Your complete and total lack of comments makes it difficult to even begin to figure out where your code is going wrong. You haven't posted what's in your dictionary file either, making it very difficult to guess your intent. breaking the string apart on "." won't get you the http:// at the beginning, either. I've corrected your indenting as best I can.

I think your code needs a rewrite. A lot of things which could've been done with loops or function calls you've done by simple brute force.

Your for-loop while reading the file probably doesn't do what you want. It will loop through every line, meaning, you only get the value you checked for the very last line -- every other value is overwritten by the one after.

Whenever you've decided a URL is invalid, you can just return(0) right then and there, instead of checking f_valid every time thereafter.

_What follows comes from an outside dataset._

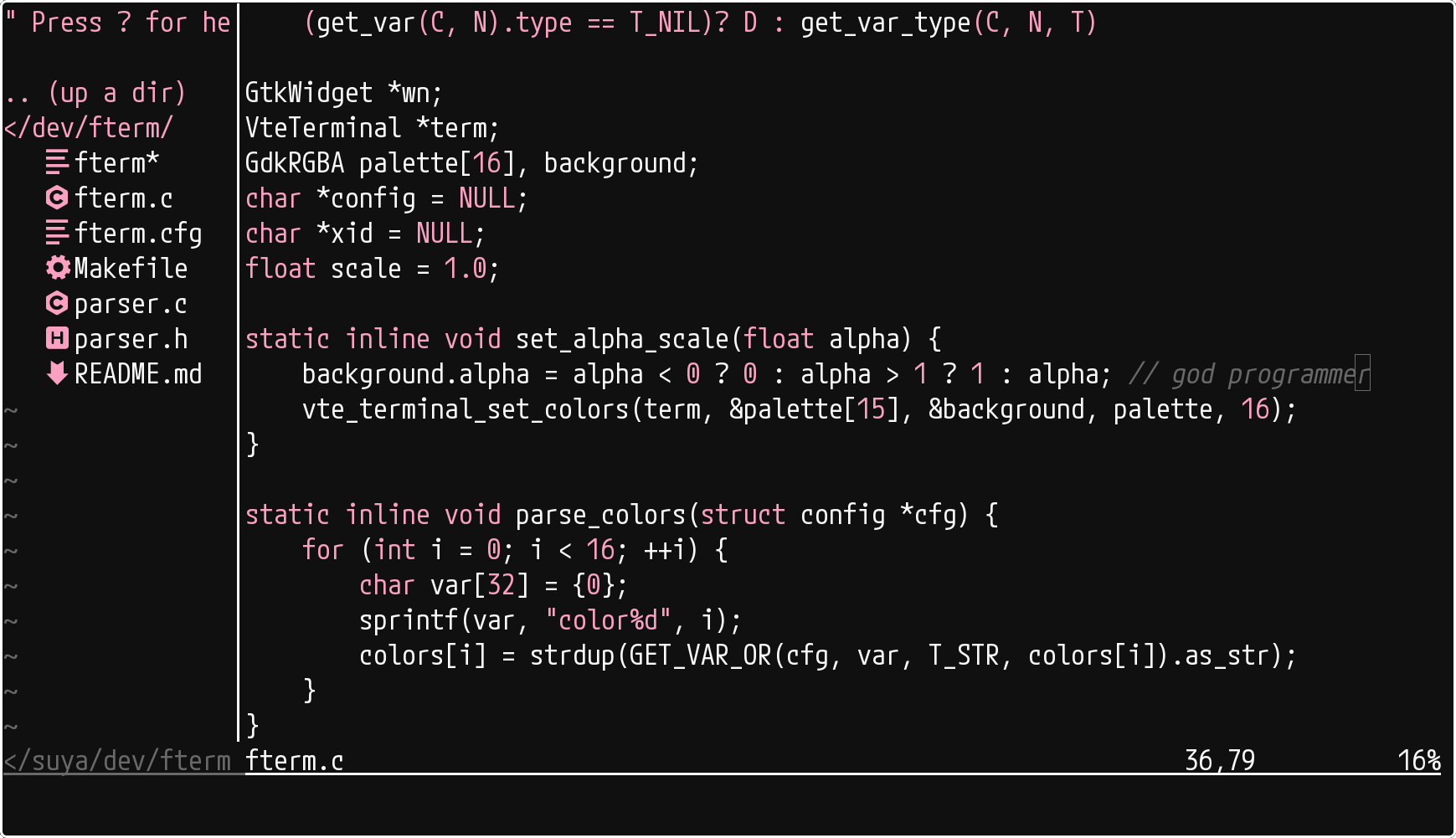 default configuration is stored in ~/.config/fterm/fterm.cfg

You do realize that strtok() modifies its input string, yes?

Also, it'd be better to check for allowable characters than disallowed ones:

int url_specialchars(const char *url)
{
        // The compiler will stack "multiple" "strings" "end" "to" "end"
        // into "multiplestringsendtoend", so we don't need one giant line.
        static const char *nospecial="0123456789"
                "abcdefghijklmnopqrstuvwxyz"
                "ABCDEFGHIJKLMNOPQRSTUVWXYZ"
                ".";

        while(*url) // Loop until (*url) == 0.  (*url) is about equivalent to url[0].
        {
                // Can we find the character at *url in the string 'nospecial'?
                // If not, it's a special character and we should return 0.
                if(strchr(nospecial, *url) == NULL) return(0);
                url++; // Jump to the next character.  Adding one to a pointer moves it ahead one element.
        }

        return(1); // Return 1 for success.
}